- TASK REQUIREMENTS
Copy, word for word, the opening line of the data and each line after it until the line that contains "Дана Ультра ошейник", which is included. Leave the pictures out.

DATA FOR THE TASK section start

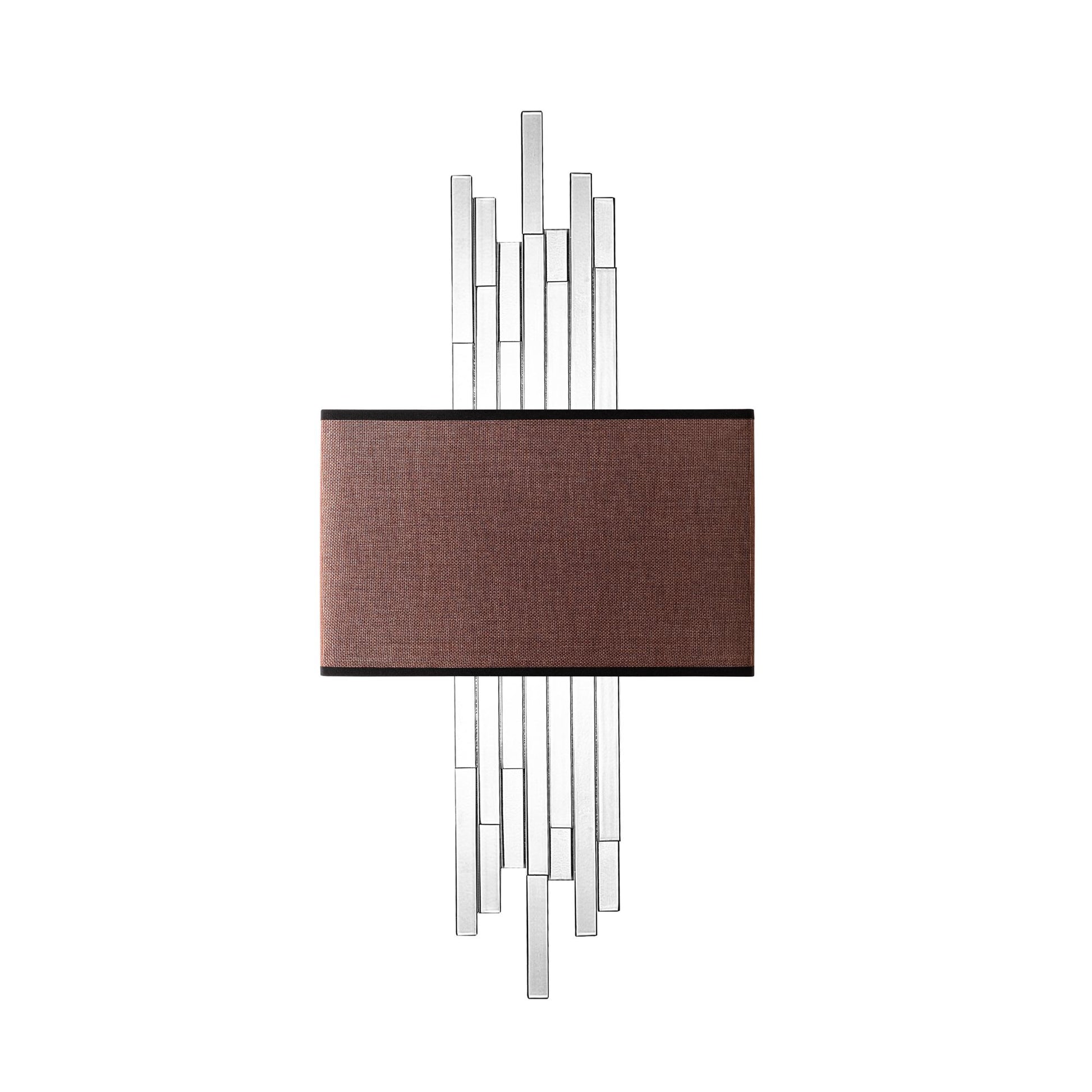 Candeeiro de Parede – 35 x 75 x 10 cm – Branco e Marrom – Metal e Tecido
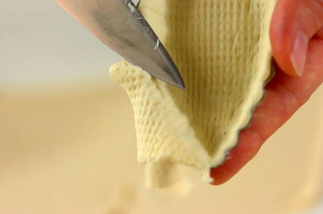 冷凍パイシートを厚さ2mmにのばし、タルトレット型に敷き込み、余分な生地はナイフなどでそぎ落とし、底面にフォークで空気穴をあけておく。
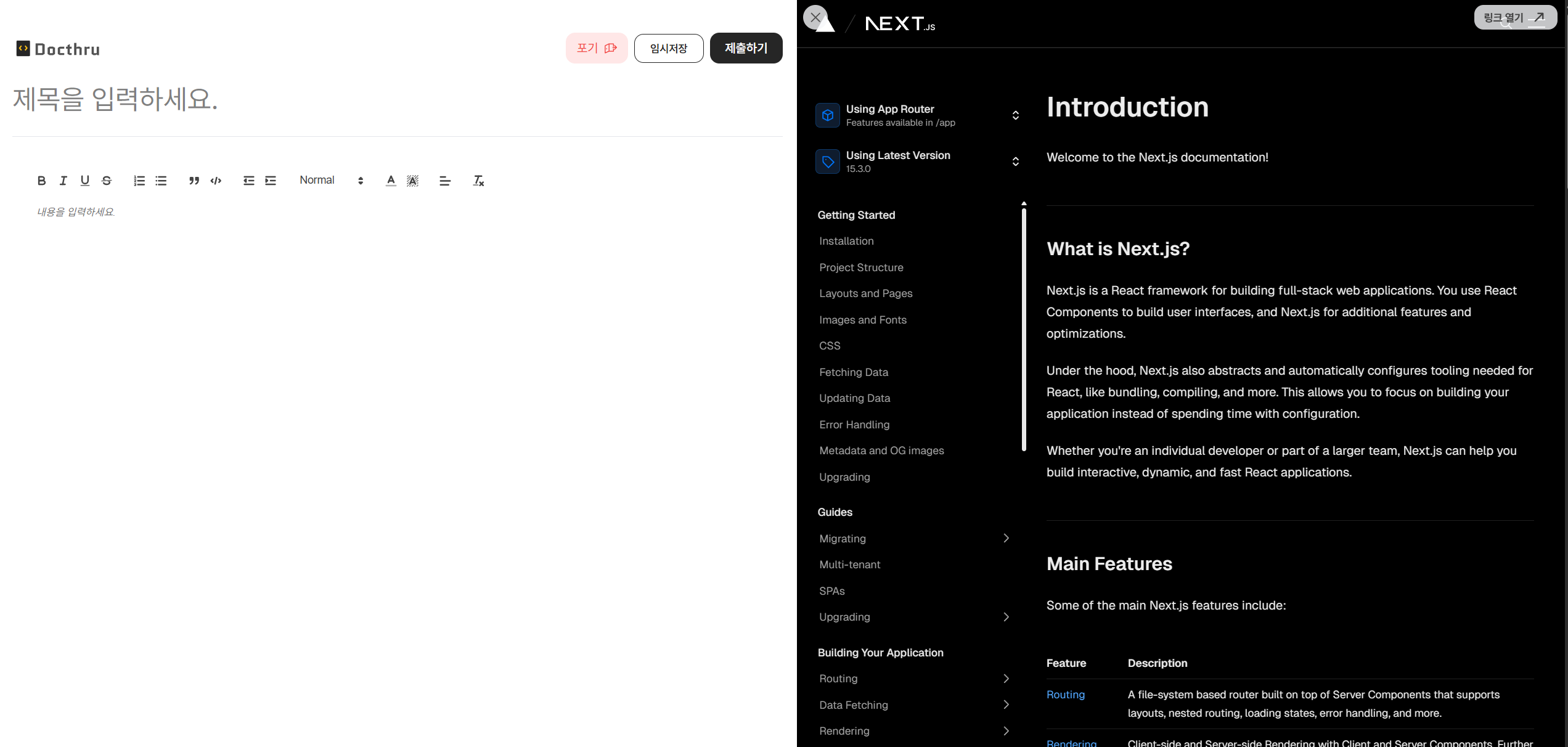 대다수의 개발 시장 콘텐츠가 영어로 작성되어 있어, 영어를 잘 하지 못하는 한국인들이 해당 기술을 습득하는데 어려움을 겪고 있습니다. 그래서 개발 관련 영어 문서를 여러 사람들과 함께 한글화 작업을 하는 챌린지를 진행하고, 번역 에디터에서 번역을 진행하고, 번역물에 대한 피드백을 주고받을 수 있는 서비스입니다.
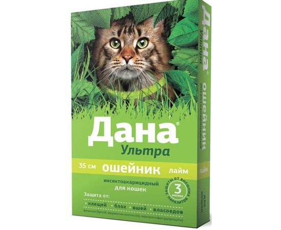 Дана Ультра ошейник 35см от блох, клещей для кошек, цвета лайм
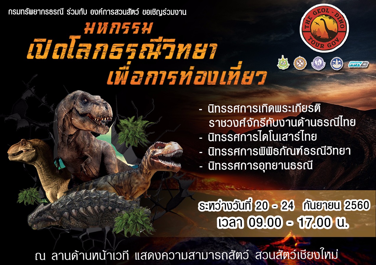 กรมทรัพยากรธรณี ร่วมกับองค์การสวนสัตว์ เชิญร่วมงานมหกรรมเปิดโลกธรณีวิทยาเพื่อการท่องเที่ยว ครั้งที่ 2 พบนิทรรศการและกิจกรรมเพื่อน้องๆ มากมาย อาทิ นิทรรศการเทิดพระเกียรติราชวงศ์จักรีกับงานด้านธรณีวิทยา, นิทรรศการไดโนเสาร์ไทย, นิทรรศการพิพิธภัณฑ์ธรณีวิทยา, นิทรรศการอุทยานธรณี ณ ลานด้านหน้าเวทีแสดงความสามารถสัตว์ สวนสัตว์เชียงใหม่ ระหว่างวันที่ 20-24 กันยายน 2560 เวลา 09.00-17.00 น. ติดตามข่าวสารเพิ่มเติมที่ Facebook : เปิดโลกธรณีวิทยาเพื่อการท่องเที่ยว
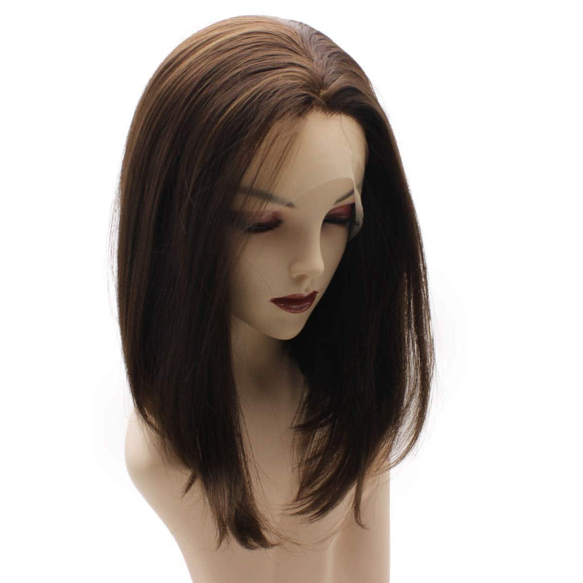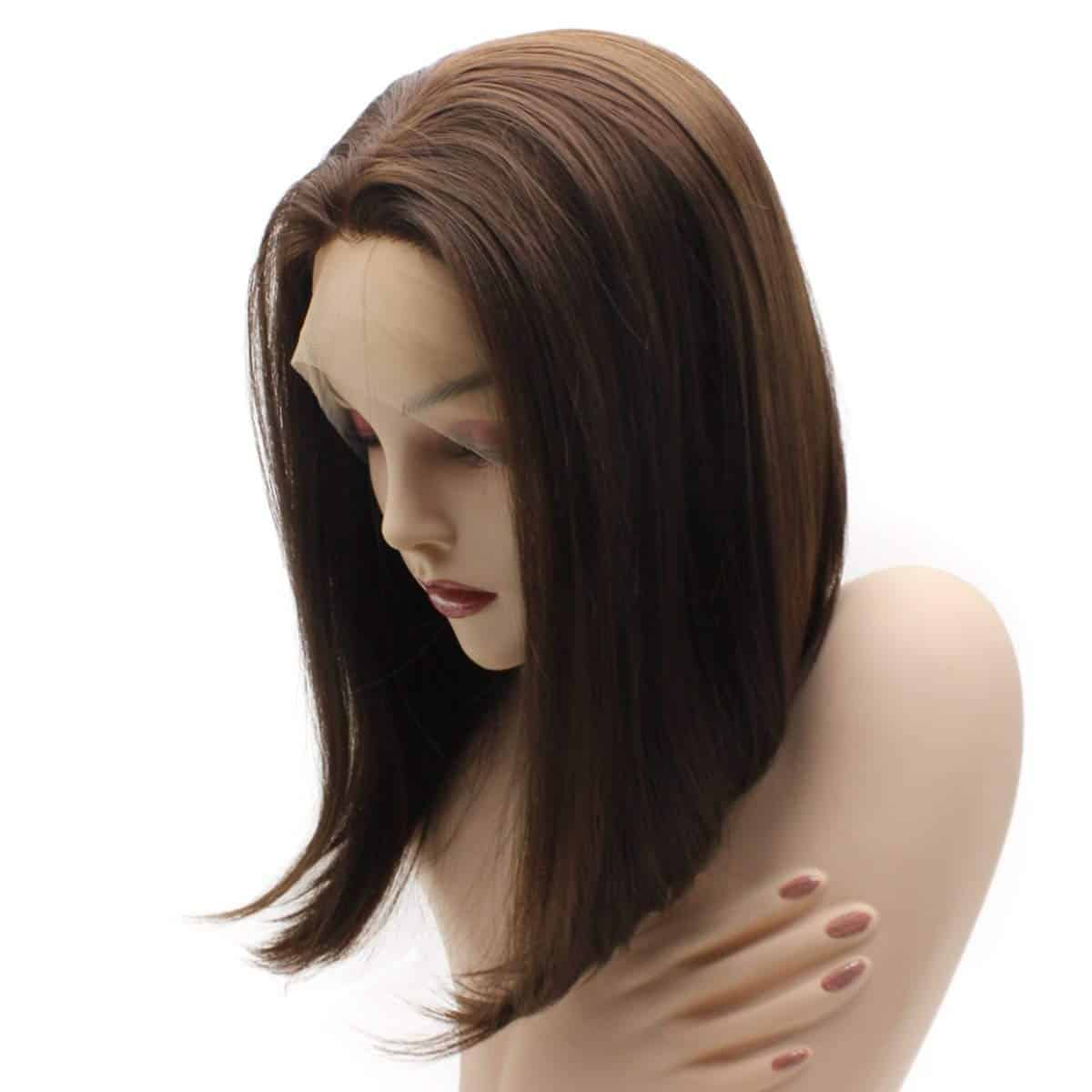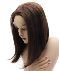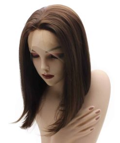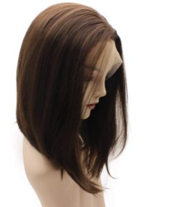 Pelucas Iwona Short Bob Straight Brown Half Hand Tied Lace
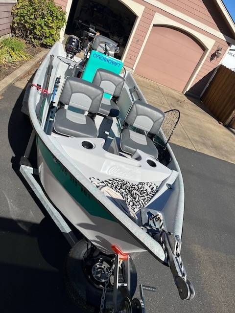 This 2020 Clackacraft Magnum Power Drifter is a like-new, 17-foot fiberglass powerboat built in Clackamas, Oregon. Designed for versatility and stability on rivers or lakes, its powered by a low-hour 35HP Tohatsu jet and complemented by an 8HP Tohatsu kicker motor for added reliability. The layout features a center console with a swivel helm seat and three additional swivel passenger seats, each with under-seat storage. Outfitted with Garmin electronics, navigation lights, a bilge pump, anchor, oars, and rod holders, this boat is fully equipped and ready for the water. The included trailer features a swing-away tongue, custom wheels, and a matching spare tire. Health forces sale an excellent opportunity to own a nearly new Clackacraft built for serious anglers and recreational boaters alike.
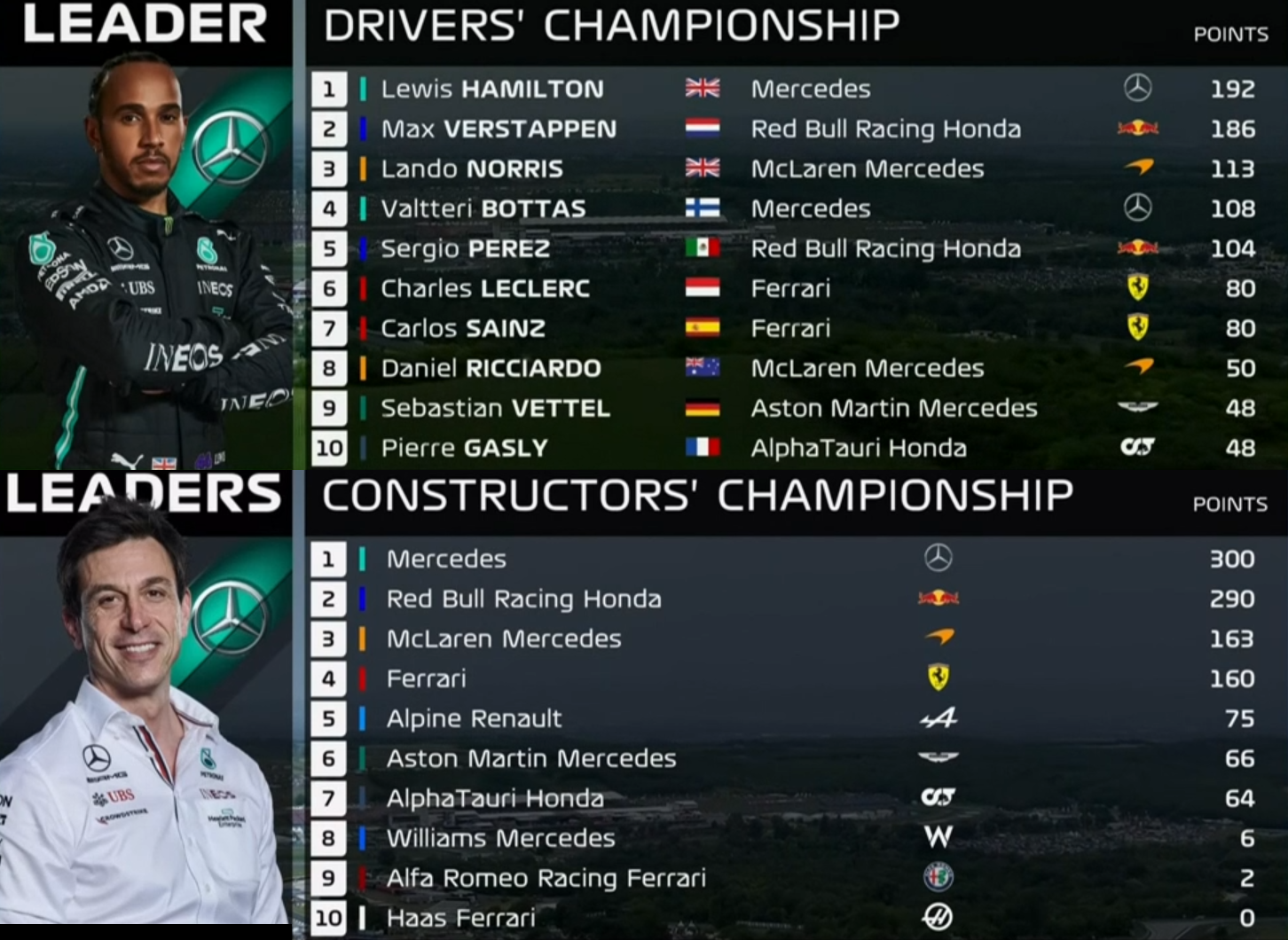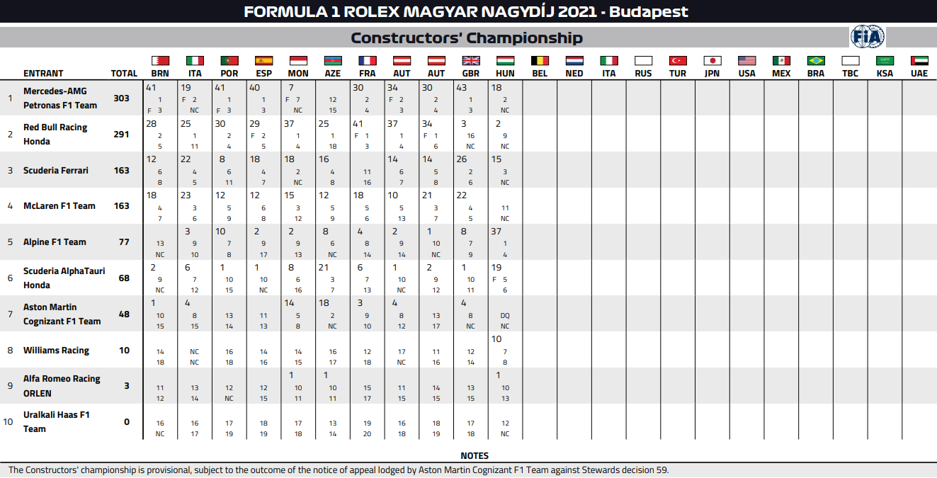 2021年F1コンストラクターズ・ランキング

DATA FOR THE TASK section end

- ANSWER TO THIS TASK
 Candeeiro de Parede – 35 x 75 x 10 cm – Branco e Marrom – Metal e Tecido
 冷凍パイシートを厚さ2mmにのばし、タルトレット型に敷き込み、余分な生地はナイフなどでそぎ落とし、底面にフォークで空気穴をあけておく。
 대다수의 개발 시장 콘텐츠가 영어로 작성되어 있어, 영어를 잘 하지 못하는 한국인들이 해당 기술을 습득하는데 어려움을 겪고 있습니다. 그래서 개발 관련 영어 문서를 여러 사람들과 함께 한글화 작업을 하는 챌린지를 진행하고, 번역 에디터에서 번역을 진행하고, 번역물에 대한 피드백을 주고받을 수 있는 서비스입니다.
 Дана Ультра ошейник 35см от блох, клещей для кошек, цвета лайм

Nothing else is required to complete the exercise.